** Excerpted data **

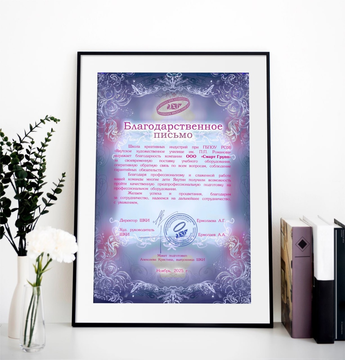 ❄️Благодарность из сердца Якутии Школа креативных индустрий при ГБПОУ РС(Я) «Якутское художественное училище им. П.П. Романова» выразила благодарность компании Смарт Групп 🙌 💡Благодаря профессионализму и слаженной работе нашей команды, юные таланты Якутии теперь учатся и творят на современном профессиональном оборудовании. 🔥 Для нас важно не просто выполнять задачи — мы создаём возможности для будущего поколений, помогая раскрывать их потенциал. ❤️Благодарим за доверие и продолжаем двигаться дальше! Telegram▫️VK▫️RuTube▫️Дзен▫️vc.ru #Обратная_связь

...

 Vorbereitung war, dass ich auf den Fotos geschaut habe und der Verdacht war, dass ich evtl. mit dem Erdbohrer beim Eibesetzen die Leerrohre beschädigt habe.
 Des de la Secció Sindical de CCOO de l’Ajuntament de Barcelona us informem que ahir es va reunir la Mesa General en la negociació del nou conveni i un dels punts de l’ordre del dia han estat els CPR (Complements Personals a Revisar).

** Task to carry out **
Set down, unchanged, only those lines above that fall between the line with "Vorbereitung war, dass" and the line with "Des de la Secció", the two end lines included.

** Response box **
 Vorbereitung war, dass ich auf den Fotos geschaut habe und der Verdacht war, dass ich evtl. mit dem Erdbohrer beim Eibesetzen die Leerrohre beschädigt habe.
 Des de la Secció Sindical de CCOO de l’Ajuntament de Barcelona us informem que ahir es va reunir la Mesa General en la negociació del nou conveni i un dels punts de l’ordre del dia han estat els CPR (Complements Personals a Revisar).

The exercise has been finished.